## [Data excerpts]
○ ○ ○ ○ ○ ○ ○

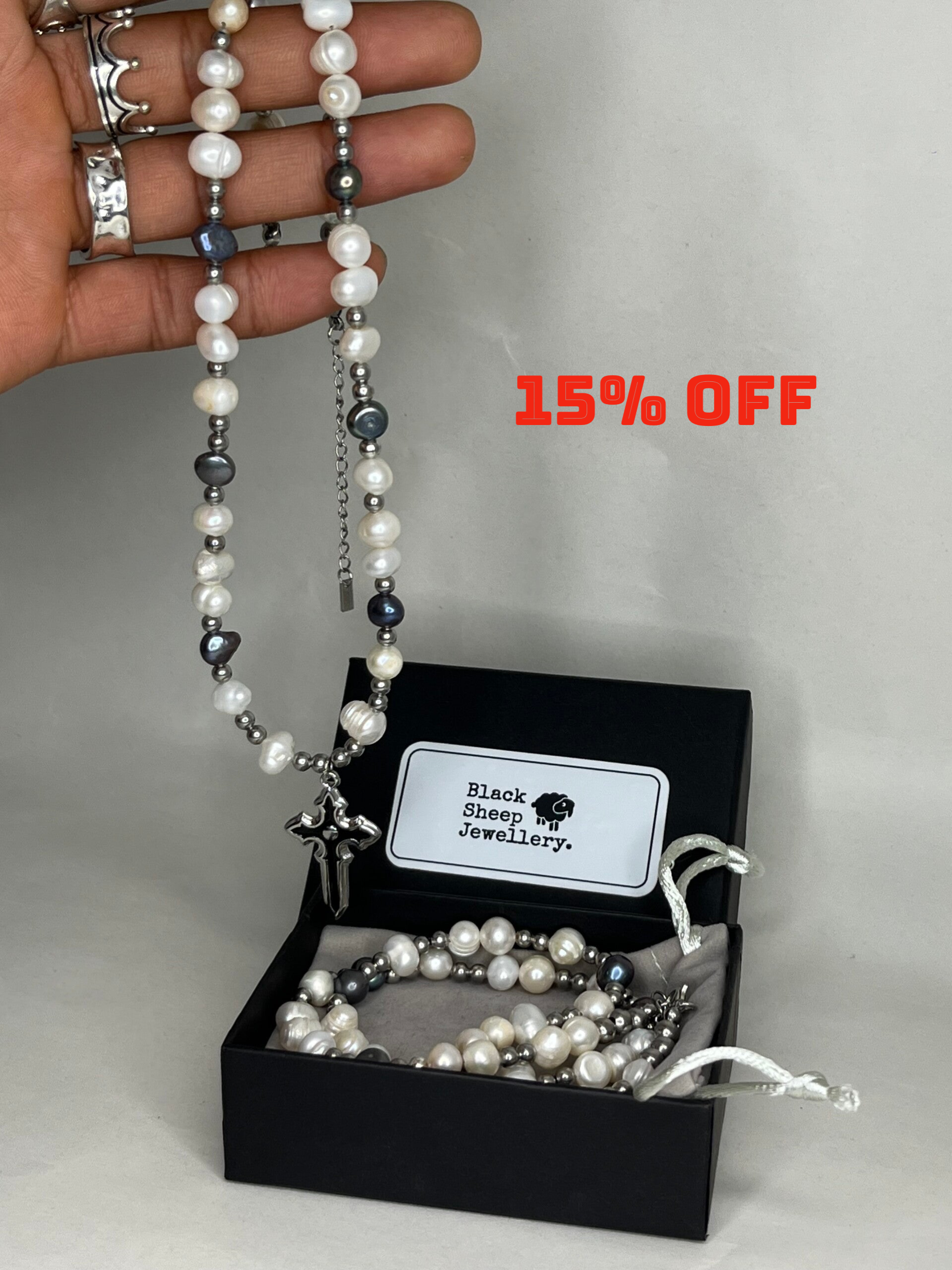 Handcrafted Necklace Set featuring exquisite freshwater Pearls, thoughtfully design to achieve an elegant finish. This set showcase stunning black freshwater pearls paired with a sleek stainless Cross, creating a luxurious and sophisticated appearance.
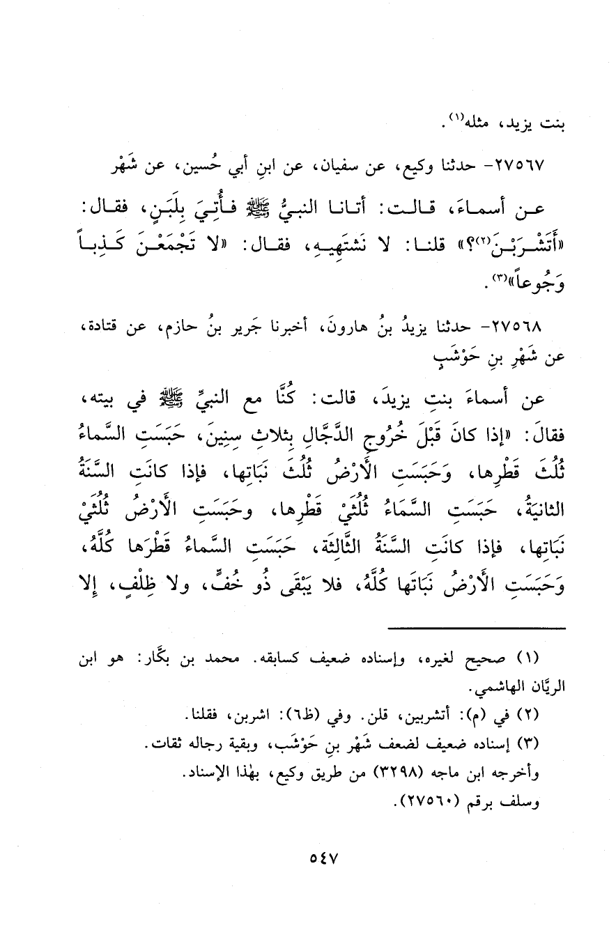 ٢٧٥٦٨ - حَدَّثَنَا يَزِيدُ بْنُ هَارُونَ، أَخْبَرَنَا جَرِيرُ بْنُ حَازِمٍ، عَنْ قَتَادَةَ، عَنْ شَهْرِ بْنِ حَوْشَبٍ، عَنْ أَسْمَاءَ بِنْتِ يَزِيدَ، قَالَتْ: كُنَّا مَعَ النَّبِيِّ صَلَّى اللهُ عَلَيْهِ وَسَلَّمَ فِي بَيْتِهِ فَقَالَ: " إِذَا كَانَ قَبْلَ خُرُوجِ الدَّجَّالِ بِثَلَاثِ سِنِينَ، حَبَسَتِ السَّمَاءُ ثُلُثَ قَطْرِهَا، وَحَبَسَتِ الْأَرْضُ ثُلُثَ نَبَاتِهَا، فَإِذَا كَانَتِ السَّنَةُ الثَّانِيَةُ حَبَسَتِ السَّمَاءُ ثُلُثَيْ قَطْرِهَا، وَحَبَسَتِ الْأَرْضُ ثُلُثَيْ نَبَاتِهَا، فَإِذَا كَانَتِ السَّنَةُ الثَّالِثَةُ حَبَسَتِ السَّمَاءُ قَطْرَهَا كُلَّهُ، وَحَبَسَتِ الْأَرْضُ نَبَاتَهَا كُلَّهُ، فَلَا يَبْقَى ذُو خُفٍّ، وَلَا ظِلْفٍ إِلَّا
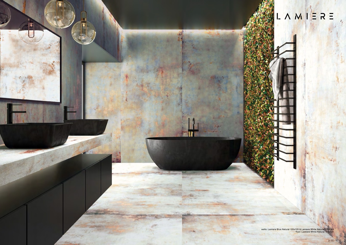 walls: Lamiere Blue Natural 120x120 & Lamiere White Natural 120x260
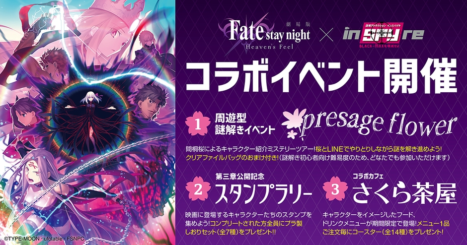 レジャー施設・多目的ホール等の開発、経営、管理を行う株式会社ヒューマックスエンタテイメント(本社:東京都新宿区、代表取締役社長:林 祥裕)は、2020年3月28日(土)~同年5月10日(日)に、新宿・歌舞伎町のスパイ体験アトラクション「inSPYre(インスパイヤ)」で、3月28日公開予定の劇場版「Fate/stay night[Heaven's Feel]」とのコラボ謎解きイベント「presage flower」をはじめ、3種類のイベントを開催します。
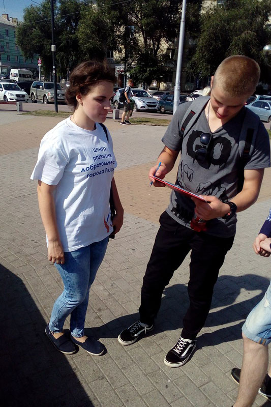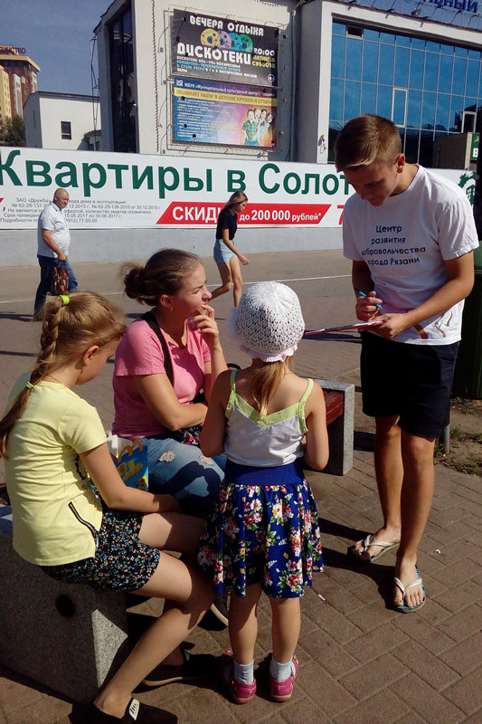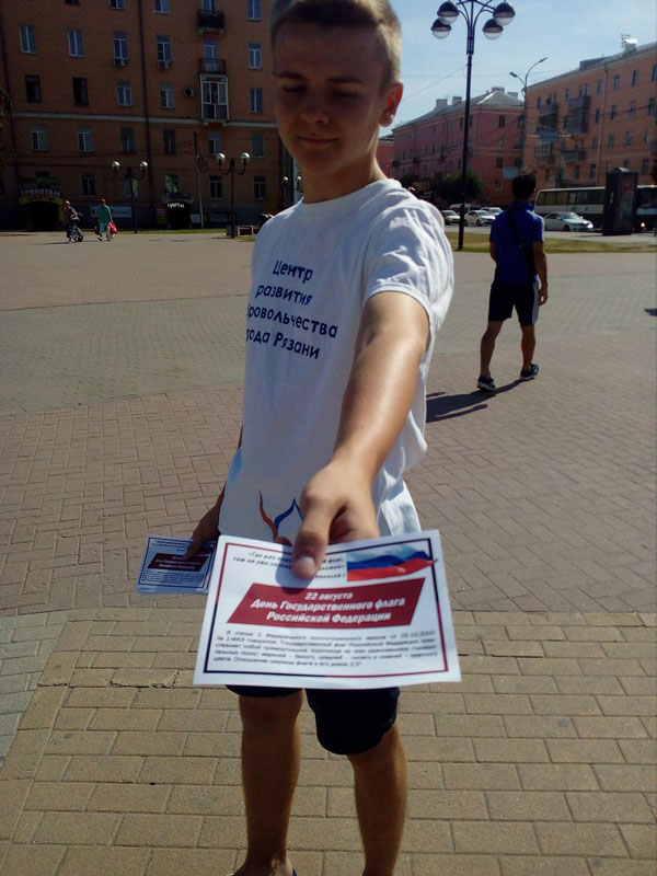 В рамках акции «Флагу России – виват!» на площади Победы волонтеры Центра развития добровольчества города Рязани вручали горожанам флаеры, подготовленные сотрудниками библиотеки, рассказывающие о государственном символе. Там же было проведено анкетирование на тему «Знаешь ли ты свой флаг?». Анализ анкет показал, что треть опрошенных ответили на все вопросы и знают все символы российского государства. И почти 100 процентов респондентов уверенно заявили, что триколор – бело-сине-красный и у него есть свой день.
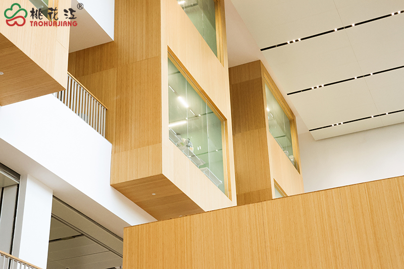 信陽學(xué)院南湖校區(qū)位于河南省信陽市南灣湖風(fēng)景區(qū)科教園區(qū),占地面積約1300畝,建筑面積約69萬平方米。項(xiàng)目中,從教學(xué)樓的裝飾,到圖書館和學(xué)生休閑區(qū)的打造,充分發(fā)揮了桃花江任意竹?的特質(zhì),將竹材的天然美學(xué)與科技工藝融入室內(nèi)空間,以地板、墻板、扶手等為載體,詮釋了“竹文化”,打造出兼具文化厚度與功能硬度的綠色空間。這種清新自然,環(huán)保舒適的生活學(xué)習(xí)環(huán)境,既充滿人文關(guān)懷,又不失創(chuàng)新精神,完美契合了校區(qū)的設(shè)計(jì)理念:“崇尚自然、追求卓越、引領(lǐng)創(chuàng)新的山水校園,創(chuàng)建生活學(xué)習(xí)一體化社區(qū),創(chuàng)造領(lǐng)先靈活的學(xué)習(xí)環(huán)境”。......
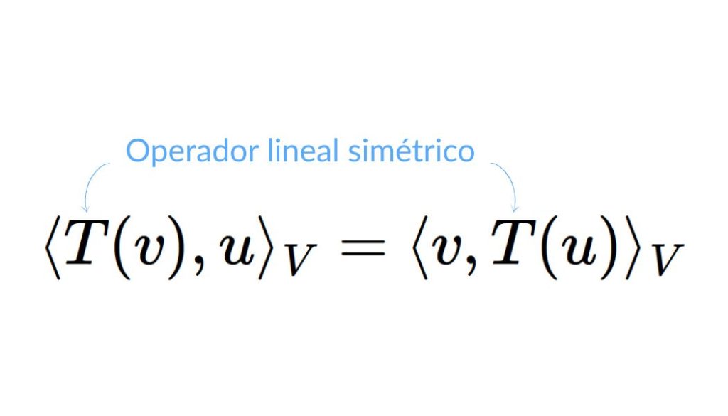 Definición: Sea $V$ un $\mathbb{R}$-espacio vectorial con un producto interno $\langle\, ,\, \rangle_V$ y $T \in \mathcal{L} (V,V)$. Decimos que $T$ es simétrico si $\langle T(v) , u \rangle_V = \langle v , T(u) \rangle_V$ para todo $u,v \in V.$
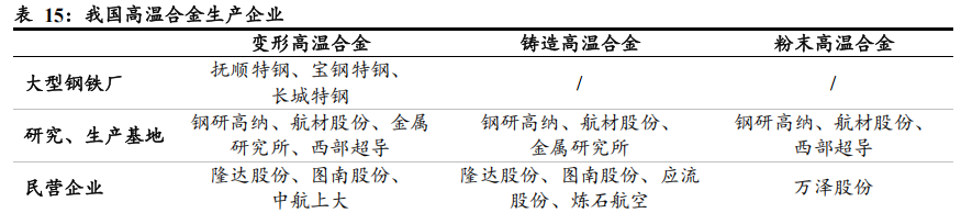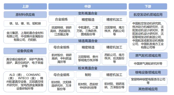 高温合金的主要下游企业包括航发集团下属的黎明、西航、黎阳、南方等军机航空发动机生产商,以及北京动力机械研究所(航天三院 31 所),航天科技集团六院(主要生产液体火箭发动机),中船重工703所(舰船燃气轮机)以及上海汽轮机、东方汽轮机、哈尔滨汽轮机等(工业燃气轮机)。
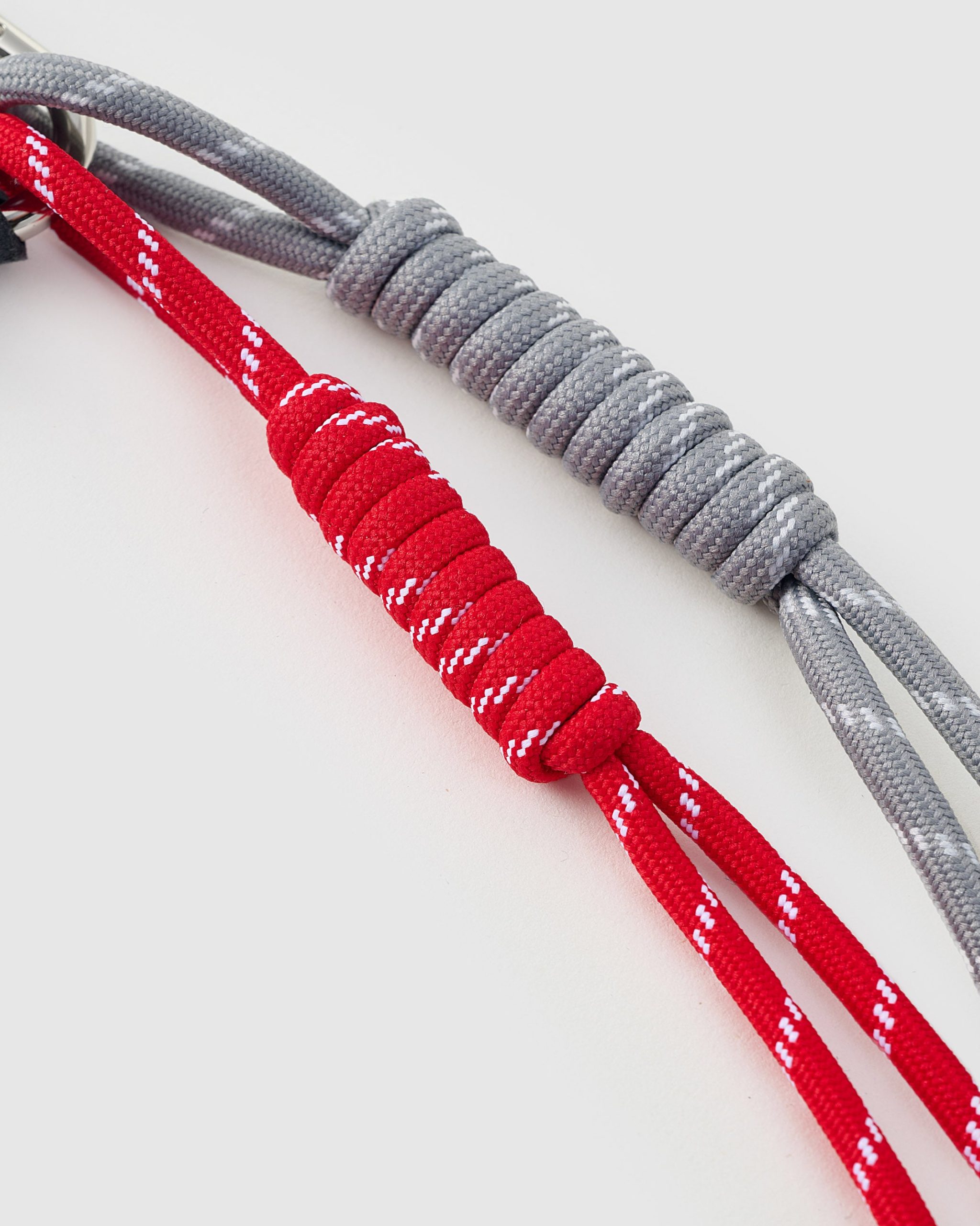 - Dual paracord ropes (red/grey) → instant movement and color pop

○ ○ ○ ○ ○ ○ ○

## [Requirement]
Reproduce all of the data exactly; the pictures do not belong in the copy.

## [Solved problem]
 Handcrafted Necklace Set featuring exquisite freshwater Pearls, thoughtfully design to achieve an elegant finish. This set showcase stunning black freshwater pearls paired with a sleek stainless Cross, creating a luxurious and sophisticated appearance.
 ٢٧٥٦٨ - حَدَّثَنَا يَزِيدُ بْنُ هَارُونَ، أَخْبَرَنَا جَرِيرُ بْنُ حَازِمٍ، عَنْ قَتَادَةَ، عَنْ شَهْرِ بْنِ حَوْشَبٍ، عَنْ أَسْمَاءَ بِنْتِ يَزِيدَ، قَالَتْ: كُنَّا مَعَ النَّبِيِّ صَلَّى اللهُ عَلَيْهِ وَسَلَّمَ فِي بَيْتِهِ فَقَالَ: " إِذَا كَانَ قَبْلَ خُرُوجِ الدَّجَّالِ بِثَلَاثِ سِنِينَ، حَبَسَتِ السَّمَاءُ ثُلُثَ قَطْرِهَا، وَحَبَسَتِ الْأَرْضُ ثُلُثَ نَبَاتِهَا، فَإِذَا كَانَتِ السَّنَةُ الثَّانِيَةُ حَبَسَتِ السَّمَاءُ ثُلُثَيْ قَطْرِهَا، وَحَبَسَتِ الْأَرْضُ ثُلُثَيْ نَبَاتِهَا، فَإِذَا كَانَتِ السَّنَةُ الثَّالِثَةُ حَبَسَتِ السَّمَاءُ قَطْرَهَا كُلَّهُ، وَحَبَسَتِ الْأَرْضُ نَبَاتَهَا كُلَّهُ، فَلَا يَبْقَى ذُو خُفٍّ، وَلَا ظِلْفٍ إِلَّا
 walls: Lamiere Blue Natural 120x120 & Lamiere White Natural 120x260
 レジャー施設・多目的ホール等の開発、経営、管理を行う株式会社ヒューマックスエンタテイメント(本社:東京都新宿区、代表取締役社長:林 祥裕)は、2020年3月28日(土)~同年5月10日(日)に、新宿・歌舞伎町のスパイ体験アトラクション「inSPYre(インスパイヤ)」で、3月28日公開予定の劇場版「Fate/stay night[Heaven's Feel]」とのコラボ謎解きイベント「presage flower」をはじめ、3種類のイベントを開催します。
 В рамках акции «Флагу России – виват!» на площади Победы волонтеры Центра развития добровольчества города Рязани вручали горожанам флаеры, подготовленные сотрудниками библиотеки, рассказывающие о государственном символе. Там же было проведено анкетирование на тему «Знаешь ли ты свой флаг?». Анализ анкет показал, что треть опрошенных ответили на все вопросы и знают все символы российского государства. И почти 100 процентов респондентов уверенно заявили, что триколор – бело-сине-красный и у него есть свой день.
 信陽學(xué)院南湖校區(qū)位于河南省信陽市南灣湖風(fēng)景區(qū)科教園區(qū),占地面積約1300畝,建筑面積約69萬平方米。項(xiàng)目中,從教學(xué)樓的裝飾,到圖書館和學(xué)生休閑區(qū)的打造,充分發(fā)揮了桃花江任意竹?的特質(zhì),將竹材的天然美學(xué)與科技工藝融入室內(nèi)空間,以地板、墻板、扶手等為載體,詮釋了“竹文化”,打造出兼具文化厚度與功能硬度的綠色空間。這種清新自然,環(huán)保舒適的生活學(xué)習(xí)環(huán)境,既充滿人文關(guān)懷,又不失創(chuàng)新精神,完美契合了校區(qū)的設(shè)計(jì)理念:“崇尚自然、追求卓越、引領(lǐng)創(chuàng)新的山水校園,創(chuàng)建生活學(xué)習(xí)一體化社區(qū),創(chuàng)造領(lǐng)先靈活的學(xué)習(xí)環(huán)境”。......
 Definición: Sea $V$ un $\mathbb{R}$-espacio vectorial con un producto interno $\langle\, ,\, \rangle_V$ y $T \in \mathcal{L} (V,V)$. Decimos que $T$ es simétrico si $\langle T(v) , u \rangle_V = \langle v , T(u) \rangle_V$ para todo $u,v \in V.$
 高温合金的主要下游企业包括航发集团下属的黎明、西航、黎阳、南方等军机航空发动机生产商,以及北京动力机械研究所(航天三院 31 所),航天科技集团六院(主要生产液体火箭发动机),中船重工703所(舰船燃气轮机)以及上海汽轮机、东方汽轮机、哈尔滨汽轮机等(工业燃气轮机)。
 - Dual paracord ropes (red/grey) → instant movement and color pop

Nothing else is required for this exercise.